Time-resolved spectroscopic and computational study of photophysics and photochemistry of selected 2-(2'-hydroxyaryl)benzazole and 3',5'-dimethoxybenzoin derivatives

Abstract

In this thesis, the photophysical properties and photochemical reactions of 3',5'-dimethoxybenzoin and its derivatives as well as several novel compounds containing excited state intramolecular proton transfer (ESIPT) chromophores 2-(2’-hydroxyaryl)benzazole (HBO) were studied by time-resolved spectroscopic techniques such as femtosecond transient absorption (fs-TA), nanosecond transient absorption (ns-TA), and nanosecond time-resolved resonance Raman spectroscopy (ns-TR3). Theoretical calculations were also employed to help identify the transient species observed in the time-resolved absorption or Raman spectra and provide interpretation for the experimental results in terms of structures, electronic properties and energies.

The replacement of the phenol moiety of HBO by benzothiadiazol, quinoxalinol, phenanthrol and naphthol leads to the formation of compounds 1-4, respectively. Compared with the parent molecule HBO, compounds 1-4 have a larger π-conjugation framework and display red-shifted absorbance.

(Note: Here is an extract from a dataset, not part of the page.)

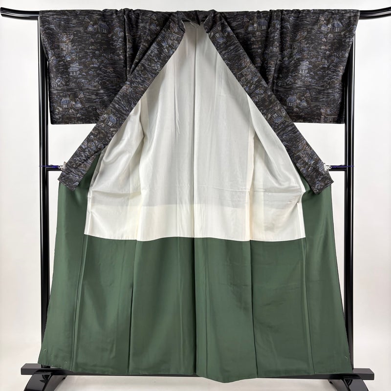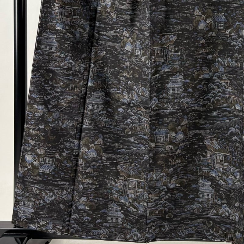 【紬】 黒系 黒 名品 A 約160cm~約169cm 裄丈69cm以上 (L)size 袖丈49cm 9990-29990 美品 二万以下

Whereas traditional strategies to red-shift the fluorescent wavelength instead lead to blue-shifted emission for compounds 2-4. Baird’s rule and its complementarity were applied to interpret this unconventional behavior. Among the five compounds (HBO and 1-4), HBO shows an ultrafast and thorough ESIPT while compounds 2-4 have an equilibrium type of ESIPT with the observation of dual emission. Interestingly, only normal emission can be detected for compound 1 which suggests the prohibition of ESIPT. These differences of the ESIPT property of these compounds can be interpreted in terms of their structures, frontier orbitals and calculated potential energy surfaces. It was found that the introduction of an electron-withdrawing segment such as thiadiazol and pyrazine in the hydroxyphenyl ring apparently suppresses the proton-transfer in the excited states. Solvent effects on the fluorescence spectroscopic properties of these compounds can be concluded that the polar solvents restrain the ESIPT process and favor the normal emission. Moreover, fs-TA and ns-TA studies provide direct information of the transient species involved and reveal the overall reaction mechanisms of these compounds upon excitation. Long-lived triplet excited states were observed for all of these five compounds except for compound 3 and the ISC efficiency of compounds 1 and 2 are especially high. This study is helpful in understanding the ESIPT-structure relationships and in the design of novel heavy-atom-free organic triplet photosensitizers.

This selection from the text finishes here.